* **What you need to do**:
Exactly as they appear below, repeat the lines from the one with "925 sterling silver" through the one with "Stunning Antique Victorian". Drop every picture.

* **Records provided**:
━━━━━━━━━━━━━━━━
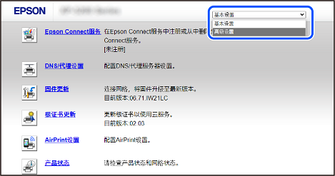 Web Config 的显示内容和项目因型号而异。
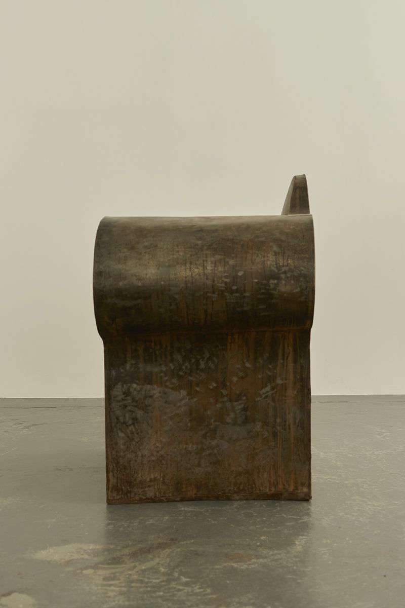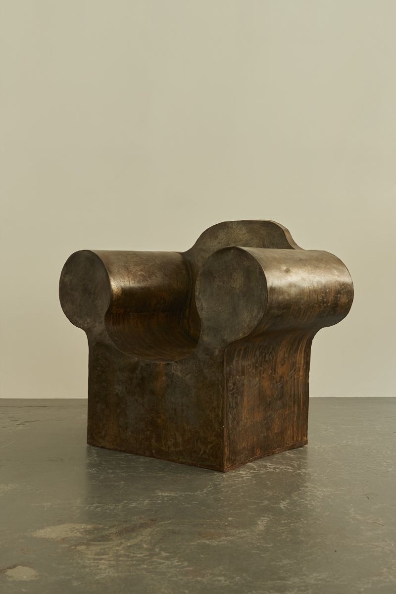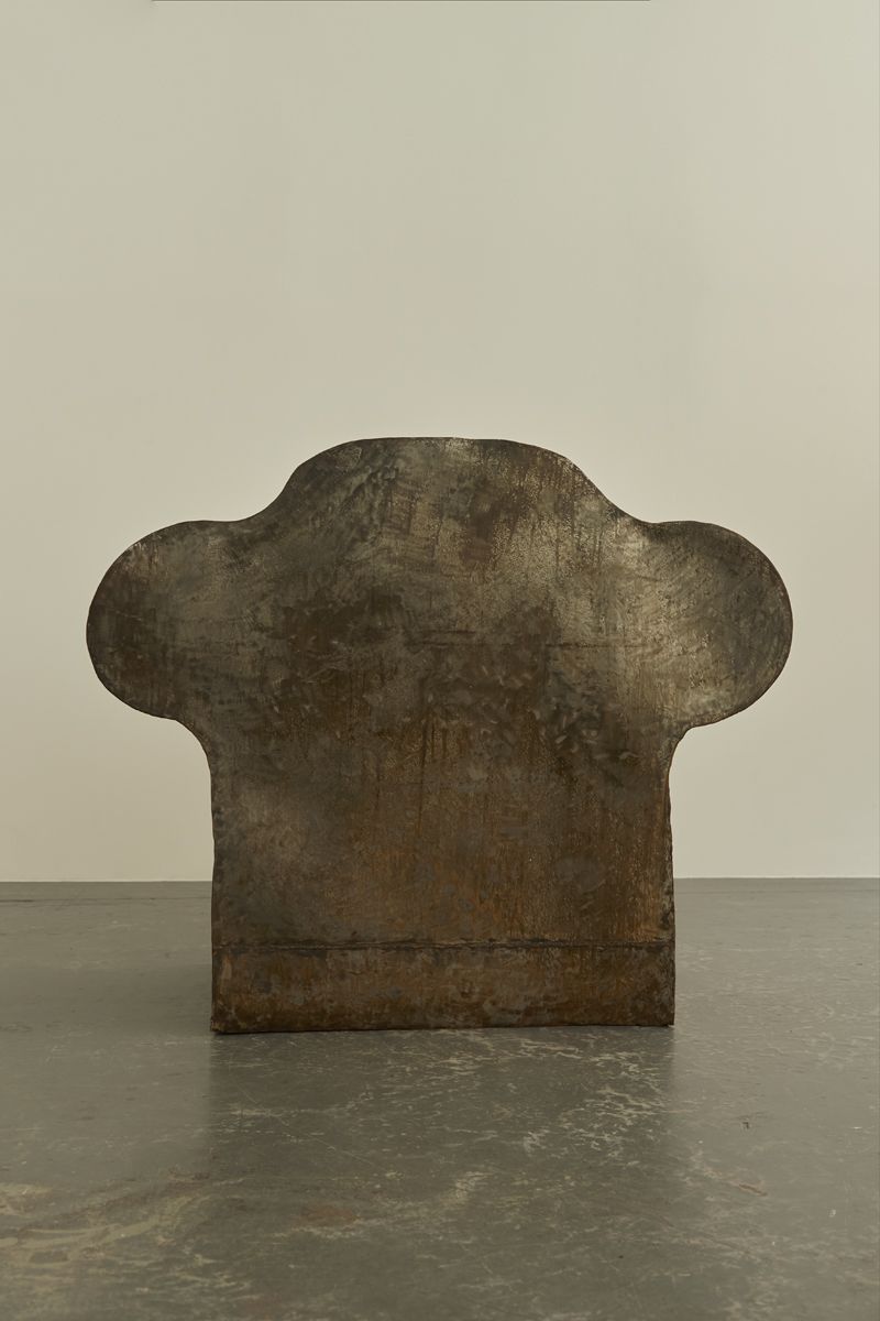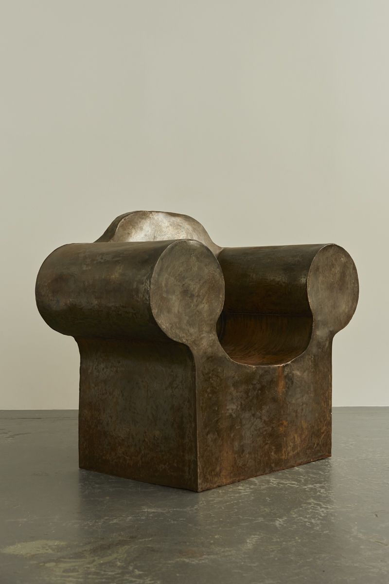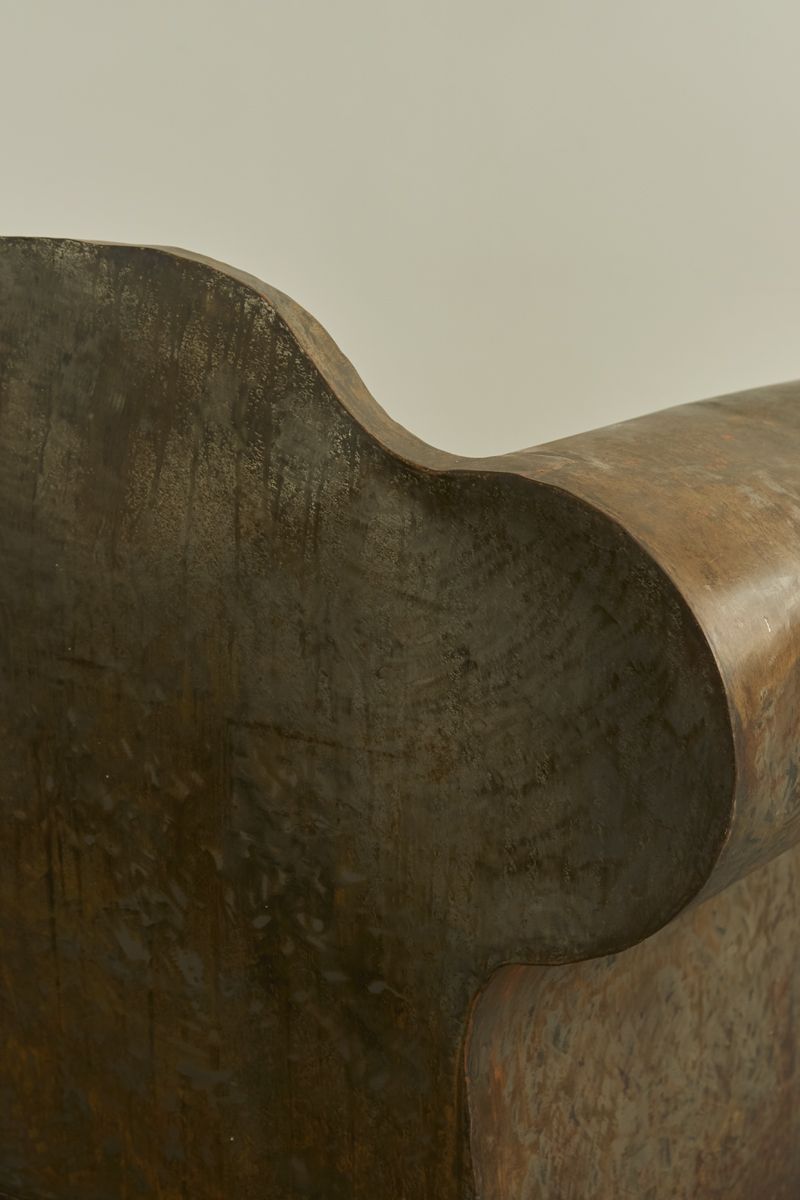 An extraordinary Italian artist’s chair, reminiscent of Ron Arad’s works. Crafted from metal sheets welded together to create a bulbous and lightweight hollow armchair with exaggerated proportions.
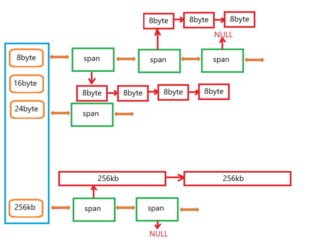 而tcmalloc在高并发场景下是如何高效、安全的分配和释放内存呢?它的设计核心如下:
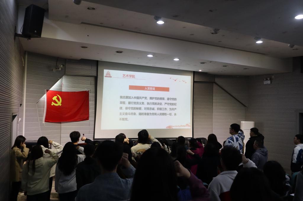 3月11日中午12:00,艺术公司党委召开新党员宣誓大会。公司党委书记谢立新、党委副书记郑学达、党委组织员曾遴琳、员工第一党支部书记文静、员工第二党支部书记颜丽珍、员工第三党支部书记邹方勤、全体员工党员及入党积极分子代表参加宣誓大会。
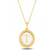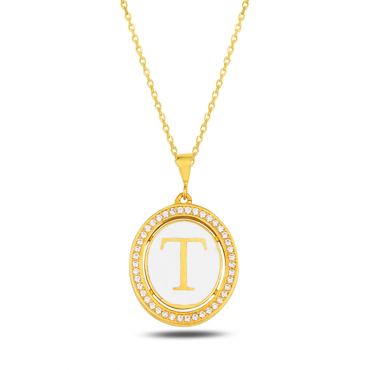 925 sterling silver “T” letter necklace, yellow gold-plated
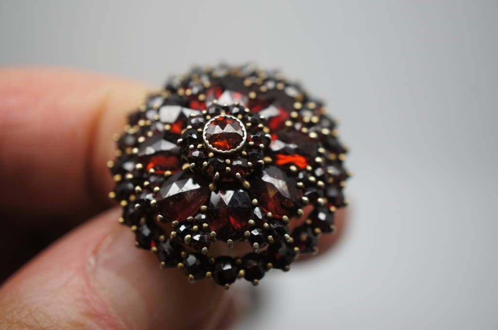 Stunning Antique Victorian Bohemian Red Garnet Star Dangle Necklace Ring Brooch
━━━━━━━━━━━━━━━━
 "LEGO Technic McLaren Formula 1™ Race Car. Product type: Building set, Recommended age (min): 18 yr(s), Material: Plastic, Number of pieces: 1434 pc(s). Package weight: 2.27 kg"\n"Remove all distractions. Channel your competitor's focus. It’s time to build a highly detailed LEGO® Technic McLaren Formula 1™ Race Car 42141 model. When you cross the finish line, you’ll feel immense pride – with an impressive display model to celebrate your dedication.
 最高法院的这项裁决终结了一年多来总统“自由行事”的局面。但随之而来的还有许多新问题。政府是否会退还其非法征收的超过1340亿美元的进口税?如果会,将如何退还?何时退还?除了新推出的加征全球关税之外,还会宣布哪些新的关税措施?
━━━━━━━━━━━━━━━━
* **Output for this task**:
 925 sterling silver “T” letter necklace, yellow gold-plated
 Stunning Antique Victorian Bohemian Red Garnet Star Dangle Necklace Ring Brooch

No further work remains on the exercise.